# I Dont Like Polynomial

Father Timm Memorial Prog...
Limits 1s, 512 MB

Given a $k$ degree polynomial $P(x)=\sum_{i=0}^{k}{a_ix^i}$ ($0 \leq a_i\leq 7$) and $f(n)=\text{“number of such polynomial so that }P(2)=n\text{"}$, find $\sum_{i=0}^{m}{f(i)}$ for a given number $m$.
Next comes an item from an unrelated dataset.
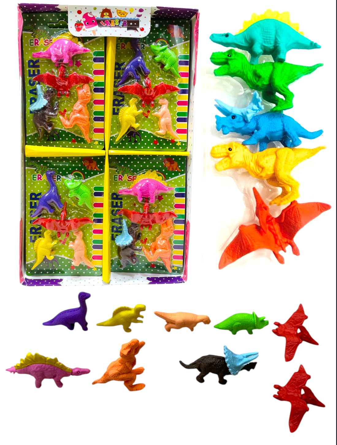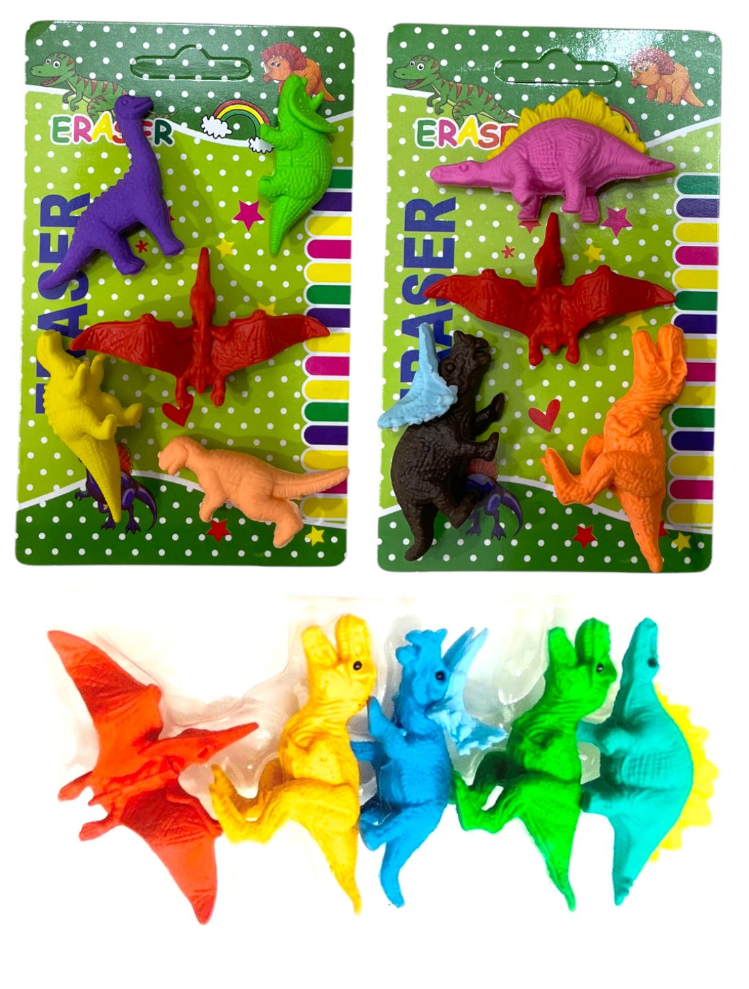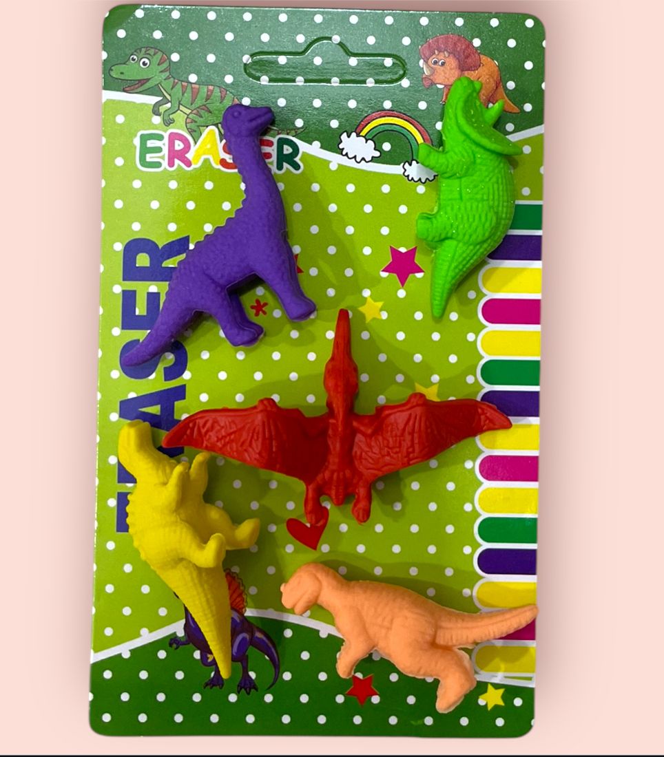 Make studying and drawing extra exciting with the Dinosaur Design Eraser Card (Mix Design)! Each set features adorable, colorful dino-shaped erasers beautifully packed on themed cards — perfect for kids who love prehistoric adventures. These cute and effective erasers make homework, doodling, or gifting a fun, imaginative experience. Ideal for schools, return gifts, and stationery collections!

I found this problem in an online contest. But it was very tough for me to solve. Luckily I found a solution pattern for this problem generating solution for some small test cases. I found that:

$\Large{f(n)=\lfloor \frac{\lfloor \frac{n+4}{2} \rfloor ^{2}}{4} \rfloor}$

But still, I can't find $\sum_{i=0}^{m}{f(i)}$. So please help me out.

## Input

The first line contains a single integer $t$ ($1\leq t\leq 10^5$) number of test cases. On next line there are $t$ numbers, $m_i$($0\leq m\leq 10^{18}$) meaning that in case $i$ you should solve for number $m_i$.

## Output

For each test case $i$, print the answer modulo $10^9+7$ on separate lines.

## Sample

InputOutput
4
1 2 3 4

2
4
6
10


for the second test case :

$f(0)=1$ because there is only one polynomial for which $P(2)=0$ and the polynomial is $P(x)=0\times x^0$

$f(1)=1$ because there is only one polynomial for which $P(2)=1$ and the polynomial is $P(x)=1\times x^0$

$f(2)=2$ because there is two such polynomial for which $P(2)=2$ and the polynomials are $P(x)=2\times x^0$ and $P(x)=0\times x^0+1\times x^1$

Hence $\sum_{i=0}^{2}{f(i)}=1+1+2=\boxed{4}$

Here $\sum_{i=j}^{k}{f(i)}$ means $f(j)+f(j+1)+f(j+2)+...+f(k-1)+f(k)$. $\lfloor x \rfloor$ means “largest integer which is smaller than or equal to x".